The cardiac nurses recorded which elements of the intervention they implemented and the duration of the intervention. Before the study started, six nurses in five hospitals piloted the intervention and necessary changes were made. The pilot work suggested that the intervention took about 20 minutes of nurses' time.

Outcome measures

We defined participants as being continuously abstinent if they reported that they had smoked no more than five cigarettes (or “roll-ups,” cigars, or pipes) since recruitment and had not smoked at all in the past week. They also had to have an expired carbon monoxide reading <10 ppm and, at 12 months, a salivary cotinine concentration <20 ng/ml. We defined point prevalence abstinence as a self report of not having smoked at all for the past week and an expired carbon monoxide reading <10 ppm or, for the 12 month outcome, a salivary cotinine concentration <20 ng/ml.

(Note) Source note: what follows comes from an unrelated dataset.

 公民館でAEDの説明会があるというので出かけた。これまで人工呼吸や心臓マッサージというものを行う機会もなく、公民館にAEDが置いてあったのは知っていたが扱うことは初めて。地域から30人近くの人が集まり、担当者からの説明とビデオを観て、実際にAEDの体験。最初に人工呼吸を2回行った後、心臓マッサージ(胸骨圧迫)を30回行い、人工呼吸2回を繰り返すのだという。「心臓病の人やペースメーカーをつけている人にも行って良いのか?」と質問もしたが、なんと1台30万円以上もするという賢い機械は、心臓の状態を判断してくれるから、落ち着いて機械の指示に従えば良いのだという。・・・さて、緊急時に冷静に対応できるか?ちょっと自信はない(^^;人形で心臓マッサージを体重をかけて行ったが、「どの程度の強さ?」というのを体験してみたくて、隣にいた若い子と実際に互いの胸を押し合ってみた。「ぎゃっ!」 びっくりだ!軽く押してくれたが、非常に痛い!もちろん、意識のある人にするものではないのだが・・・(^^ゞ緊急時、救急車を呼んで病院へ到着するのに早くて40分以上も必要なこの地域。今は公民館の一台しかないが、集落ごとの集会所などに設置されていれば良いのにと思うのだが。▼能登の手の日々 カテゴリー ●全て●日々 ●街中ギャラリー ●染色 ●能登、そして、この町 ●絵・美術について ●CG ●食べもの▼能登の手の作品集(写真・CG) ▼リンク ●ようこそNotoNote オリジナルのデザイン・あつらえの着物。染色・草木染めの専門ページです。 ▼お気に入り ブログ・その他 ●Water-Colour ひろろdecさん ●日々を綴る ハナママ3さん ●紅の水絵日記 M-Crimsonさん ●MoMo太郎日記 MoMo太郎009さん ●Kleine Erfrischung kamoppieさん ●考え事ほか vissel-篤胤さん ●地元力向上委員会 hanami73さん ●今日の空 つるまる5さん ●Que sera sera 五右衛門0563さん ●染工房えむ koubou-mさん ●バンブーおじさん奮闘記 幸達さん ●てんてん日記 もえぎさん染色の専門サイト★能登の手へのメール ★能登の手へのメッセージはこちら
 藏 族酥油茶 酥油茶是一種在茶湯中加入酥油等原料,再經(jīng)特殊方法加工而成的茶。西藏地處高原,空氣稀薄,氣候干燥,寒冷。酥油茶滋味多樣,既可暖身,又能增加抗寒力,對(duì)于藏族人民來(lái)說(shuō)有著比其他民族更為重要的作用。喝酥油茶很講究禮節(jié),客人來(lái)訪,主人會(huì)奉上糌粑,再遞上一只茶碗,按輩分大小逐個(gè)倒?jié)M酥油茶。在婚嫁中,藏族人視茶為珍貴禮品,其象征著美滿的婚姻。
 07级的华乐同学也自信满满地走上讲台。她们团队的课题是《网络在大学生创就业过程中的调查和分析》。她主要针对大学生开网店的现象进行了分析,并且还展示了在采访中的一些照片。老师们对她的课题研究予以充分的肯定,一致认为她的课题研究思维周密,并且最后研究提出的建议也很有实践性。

Nurses recorded their own compliance with individual study procedures by ticking the intervention elements listed on the form. They also noted the duration of the intervention. Patients recorded their recall of the intervention by ticking items on a self completed questionnaire at the six week follow up.

Follow up

Data at the six week follow up were collected by nurses at the time of the routine hospital visit after discharge, or patients were visited at home. Carbon monoxide concentration was recorded in all participants who claimed to have stopped smoking and also in those in the intervention group who had not stopped smoking. This was to motivate abstinence, if nurses thought it was appropriate and worth while.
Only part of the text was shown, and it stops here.